By capturing only one more event type: every move made by each player in each game, a wealth of information becomes available. If every move in every game were available, one could now not only answer all of the previous queries, but ask significantly more meaningful questions:
- What were the longest games in terms of number of moves?
- The shortest games?
- The most boring games? (number of non-piece capture moves)
By recording context about the board in each event, we can peer into the patterns of game activity much further:
- What were the most common opening moves?
- The most common closing board configurations?
- The least common remaining pieces of the winner’s board?
If we were to arrange all of the moves in every game into a tabular format and again sort by time, something incredibly interesting happens. We no longer need to record who won and who lost each game. By simply reading downward in the table, we can derive that information. The ability to independently interpret information as the reader of the events makes this a powerful approach. Observers of the events need to agree on very few details, promoting a wider versatility of use cases with the same data.
Constructing your event narrative
Much like having a picture drawn in front of your eyes, collecting and recording events reveals an image of your product activity. All you need to do is start looking for them. As a modeling exercise, try to write down as many domain events as you can think of. When we sit down to do an analysis of a domain, we find that the following list of questions can be helpful to start revealing progressively higher levels of detail:
- Who or what are the entities in my domain?

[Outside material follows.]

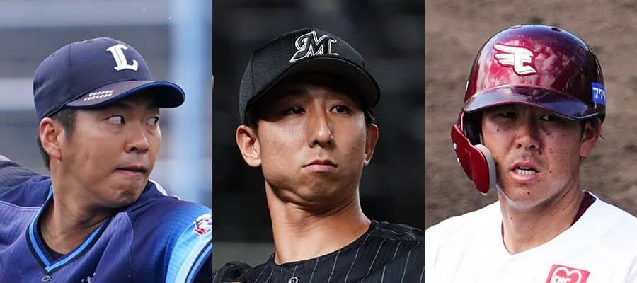 元西武・十亀剣、元ロッテ・福田秀平、楽天・鈴木大地(左から)【写真:荒川祐史】

- What actions can each entity take that are independent of other entities?
- What actions can each entity take that directly involve other entities?
- Looking at any current analysis that’s done on your domain, what are the factors that contribute to the result of of each analysis?
- Does your business watch out for any anomalies? What factors contribute to those anomalies?
- Can any of my events further be broken down into sub-events?
- Are any events reversible? E.g. are there any “undo” events?
- Do any events also have an “acknowledge” or “confirmed” event, too?
- Does your domain utilize the concept of “nudging” a user into performing or not performing certain actions? What are the events that constitute the behavior you want to change?